Implementing OAuth Scopes
The OAuth flow requires permission "scopes" which describe the level of access granted with the session. For now, granular permissions have been implemented on the bsky.social hosting service, and the self-hosted PDS distribution. Work on permission sets (including lexicon resolution) is in progress. Developers may start to implement more granular permissions -- for example, apps only asking for permissions to specific record types or API endpoints. We expect most apps to use the higher-level "permission sets" when they become available, which will provide more accessible language about the permissions being granted.
The minimal set of OAuth permissions that a third-party AT application should request to sign in with Bluesky are:
atproto
If you are making use of Bluesky profile information, you may also need:
rpc:app.bsky.actor.getProfile?aud=did:web:api.bsky.app#bsky_appview
If you need to link any uploaded images or videos to the records (posts) you create, you will also need:
blob:*/*
The ergonomics of OAuth scopes in Atproto are still evolving. This minimal set is designed to provide a known-good starting point for app developers that does not grant unnecessary permissions. While we finalize granular permission scopes, we are also supporting a set of temporary coarse-grained scopes called the "transition scopes". There are currently no plans to deprecate either the transition scopes or the use of App Passwords. For an overview of these transition scopes, and more in-depth information on OAuth, see Authorization Scopes. For the granular permission scopes, see Permissions.
Clients
OAuth client software is identified by a globally unique client_id. Distinct variants of client software may have distinct client_id values; for example the browser app and Android (mobile OS) variants of the same software might have different client_id values. The client_id must be a fully-qualified web URL from which the client-metadata JSON document can be fetched. For example, https://app.example.com/oauth-client-metadata.json. Some more about the client_id:
- it must be a well-formed URL, following the W3C URL specification
- the schema must be
https://, and there must not be a port number included. Note that there is a special exception forhttp://localhostclient_idvalues for development. - the path does not need to include
oauth-client-metadata.json, but it is helpful convention.

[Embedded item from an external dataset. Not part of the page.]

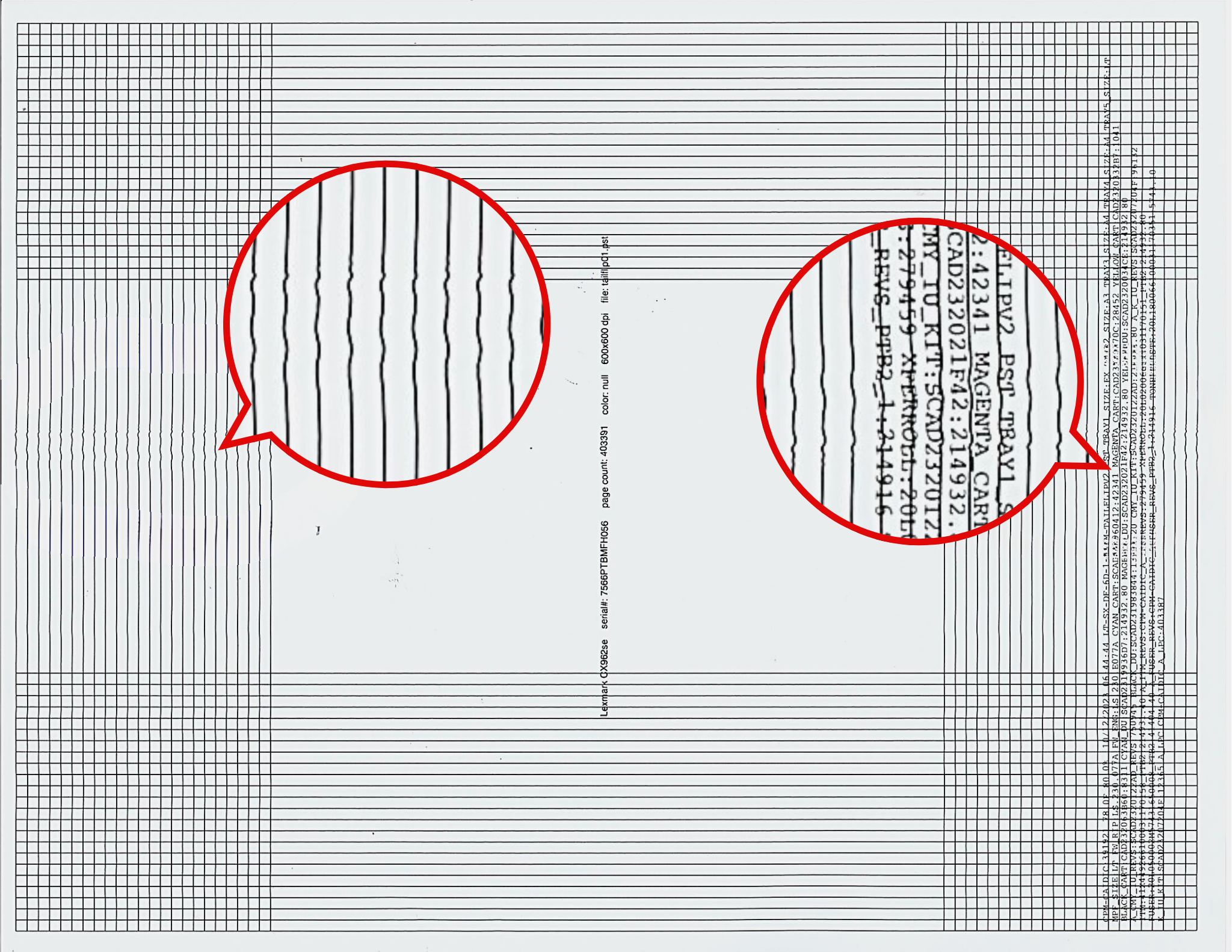 Vertical lines and text appear wiggly, wavy or distorted when printing in landscape orientation. See the following sample image.

If you have been using client-metadata.json rather than oauth-client-metadata.json, you can make this change to have your domain display on the auth flow page, rather than a URL string.
The auth flow page will display all the relevent permissions being granted. This is true both for apps using granular permissions, and for those using the transitional OAuth scopes.
Client Apps should be sure to check which auth scopes were actually approved during the auth flow. In particular, when requesting permission to read an account email address (account:email), the user might decline that permission while granting others. In theory, any individual permission might be denied while the overall request is granted.